I listened to a presentation recently about HR succession management. The main thrust of it was that while HR makes sure everyone else in the organization was carefully planning the future leadership of the organization, HR was singular in its lack of planning. Seems that while HR made everyone else do it, no one made HR do it and as a result barely more than a third of top HR people (CHRO’s) were promoted internally to that lofty position. The presenters were going to tell us why.
They pointed at all the things necessary for someone to be ready to take the reins at the top of HR. Breadth of HR knowledge, understanding of the various lines of business, solid relationships across and throughout the organization. And their conclusion was that it takes seven to ten years to properly groom a successor to the top position in HR.
Excuse me? Now I’ll agree with their premise that this is not something that can be done in 12 to 18 months, but seven to ten YEARS? And that’s the reason they gave for the lack of HR succession planning. That it took so long.
How about this. Maybe no one wants to sign on to wait that long to take on a serious senior strategic role? I’m not denying that there’s a lot to learn but what do those other two thirds of the companies do when they need a new CHRO? They go out and hire one. I’ll venture that as long as people believe it takes close to a decade to be prepared for this job that we aren’t going to see people flocking to the opportunity. How many people currently working in any job are certain that they’ll still be working for that company in ten years? How many are certain their companies will even exist?

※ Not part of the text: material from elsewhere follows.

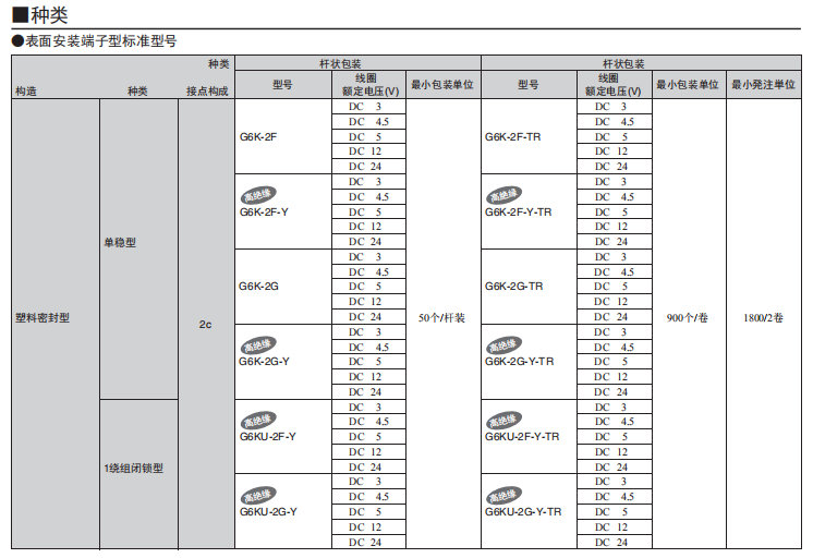 高5.2mm×寬6.5mm×長10mm的超小型,對應高密度封裝(G6K(U)-2F(-Y)型)。

As long as we accept the belief that seven to ten years are required to develop a CHRO we aren’t going to see a whole lot of internal promotions. Further, organizations don’t have enough respect for our function to invest in seven to ten years worth of development. It’s easier, and maybe more cost effective, to just go out and buy one.
We’re not so special in HR that it takes so long to develop a senior or superior level of expertise worthy of the C suite. We need to do all the things the presenters mentioned, but we need to do it quicker. We need to show a greater agility. The idea that an organization will take someone with perhaps ten years with the organization and say, “Now we’re going to start an eight year grooming process should we possibly need you to be our next CHRO” is out of step with the way business is done today. It’s so last century.
The last bullet on the presenters’ last slide suggested that to promote more internal succession to CHRO we might consider “Tightening the development cycle.” Ya think?